Opportunity Cost vs. Marginal Cost

Difference Between Opportunity Cost and Marginal Cost

The concept of marginal price and opportunity cost is important in manufacturing and production industries. Although not directly related to each other, they play an important role in determining increase of production in the most profitable manner. This article will take a closer look at the two concepts and will point out differences between the two.

What is Opportunity cost?

The opportunity cost refers to the sacrifice of the highest value of a product that a company must make to produce another article. In other words, it refers to the prospect of gain which we must give up by taking alternative measures. From the perspective of investment is the difference that is there between the returns from the chosen mode of investment and the one that was ignored or missed. If you had an option of investing in a stock that produces 10% within a year, but chose another stock that produces only 6%, we say that your opportunity cost is the difference in these two i.e. 4%.
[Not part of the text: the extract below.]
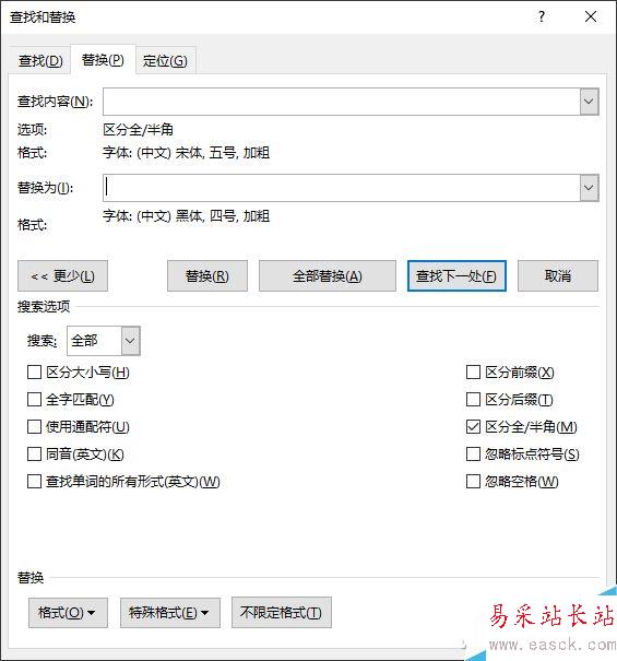 第4步:接下來將光標置入“替換為”文本框中,同上點擊“字體”,然后設置想要的字體。本例為了讓回目更突出,選擇替換為黑體,四號字。此時在替換對話框中,將顯示原格式和要替換的格式信息。點擊“全部替換”即可將所有五號加粗的宋體格式,替換成四號加粗的黑體格式啦。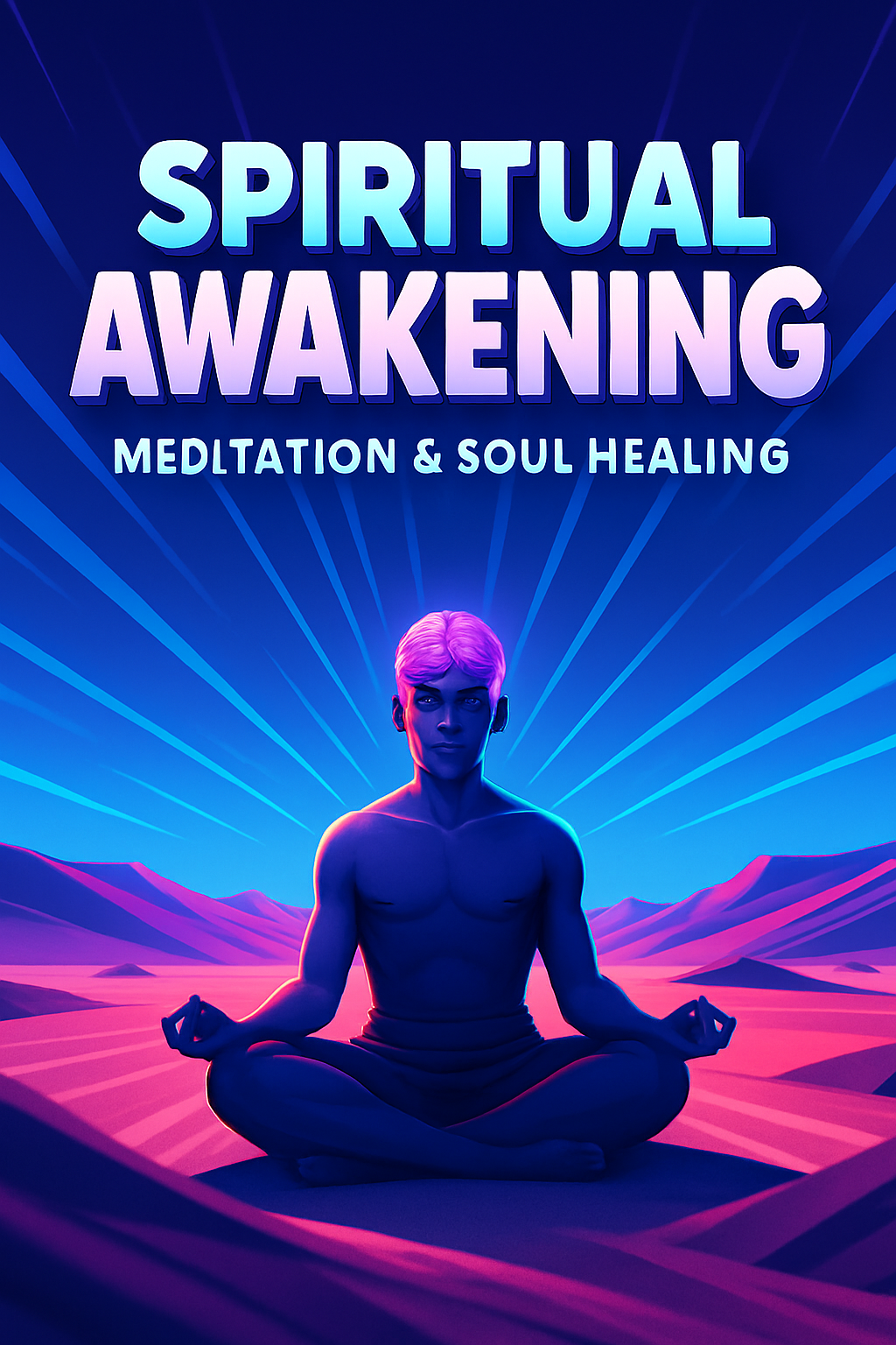 /Collection: /by davooda/Type: PNG/A vibrant illustration depicting a person meditating in the desert, embodying spiritual awakening and soul healing. The dynamic background features rays emanating from the center, enhancing the spiritual theme.

In real life, we often encounter many opportunities and choose the one that we think is best for us. In this way, we end up giving up other opportunities that all together form the opportunity cost. If an executive enrolls himself in a MBA program as a result of being dissatisfied with his current salary and with the expectation of better salary in the future after being a MBA, the opportunity cost is the sum total of his annual salary and the fees that he has to pay to the business school. Yet in real life situations, calculation of opportunity cost that one incurs while giving up other opportunities in order to choose one particular opportunity is not as simple as it appears.

What is the marginal cost?

The marginal price is a concept that is applicable in the production units and referred to the change in the total price if an extra piece that is being produced in a cycle of operation. So it is represented as the extra price charged to produce an additional unit.

Suppose in a small factory, 100 pieces are produced in one day and owner decides to produce a more unit, then he/she requires not only the additional commodity, but also has to pay overtime to the workers involved in the production work and this will weigh on his/her skillful mind before he decides to increase production. In case of a plant operating at the highest capacity, the marginal price is always high. However, since the raw material can be bought in bulk at cheaper prices, production of extra article results in a fall in the marginal cost.

The marginal cost varies widely from industry to industry and also from one product to another. Some economists prefer to call the marginal cost as the price of opportunity associated with producing an additional unit. If profits are higher than the cost incurred in producing one more unit, the owner may sell well in the production of this additional unit. If, however, the opportunity price is higher than the profits that are ultimately made, the factory owner chooses to let go of the idea of producing one more unit.